**Exercise prompt:** Your task is to transcribe exactly, and only, the lines running from the one with "Summary C723 Quantitative" to the end of the listing below, inclusive, with every picture left out.

**Data segment:**
=== Section Start ===

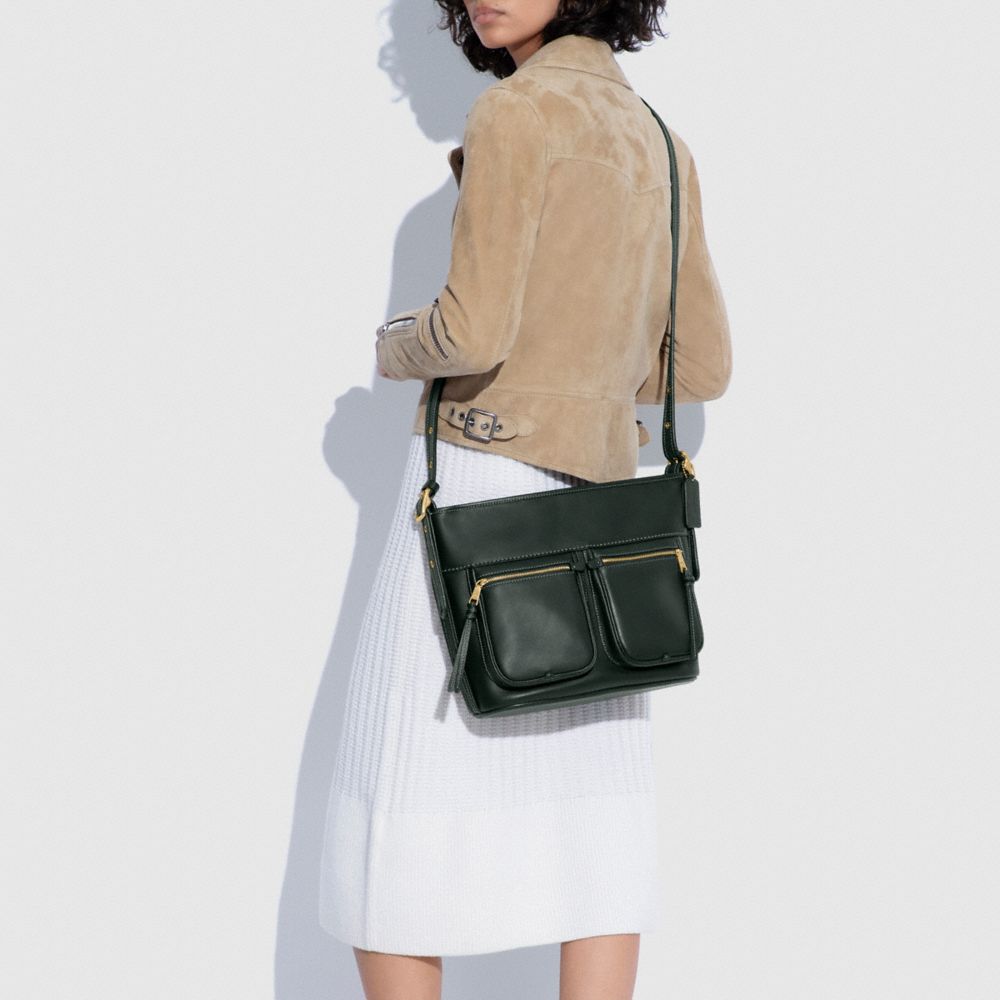 Glovetanned leather| Inside zip pocket| Zip-top closure, fabric lining| Outside zip pockets| Adjustable strap with 21 1/2" drop and 9 1/2" drop when doubled | 11 1/4" (L) x 10" (H) x 4 1/2" (W)Style No. C5433
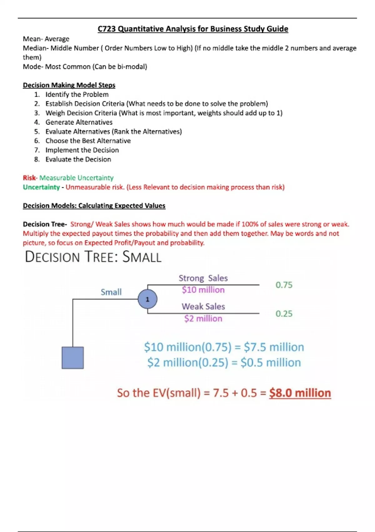 Summary C723 Quantitative Analysis for Business Study Guide WGU 2025 With Correct Answers | VERIFIED SOLUTIONS.
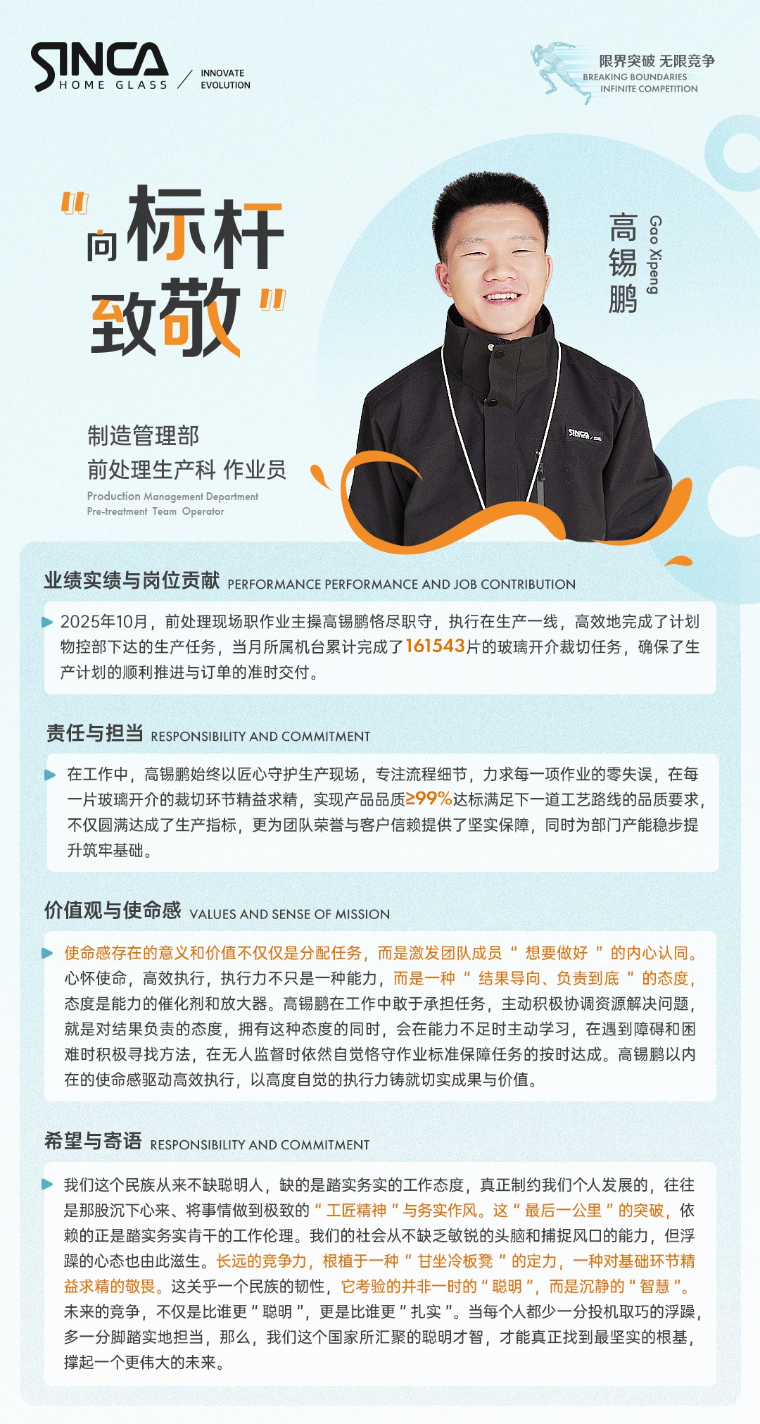 向标杆致敬——2025年10月优秀员工高锡鹏
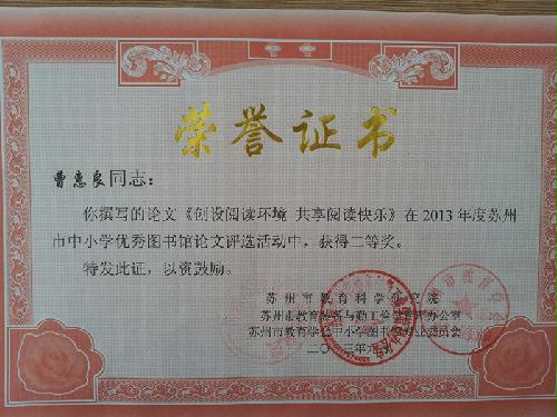 曹惠良老师撰写的论文《创设阅读环境 共享阅读快乐》在2013年度苏州市优秀图书馆论文评选活动中,获得二等奖。

=== Section End ===

**Exercise output:**
 Summary C723 Quantitative Analysis for Business Study Guide WGU 2025 With Correct Answers | VERIFIED SOLUTIONS.
 向标杆致敬——2025年10月优秀员工高锡鹏
 曹惠良老师撰写的论文《创设阅读环境 共享阅读快乐》在2013年度苏州市优秀图书馆论文评选活动中,获得二等奖。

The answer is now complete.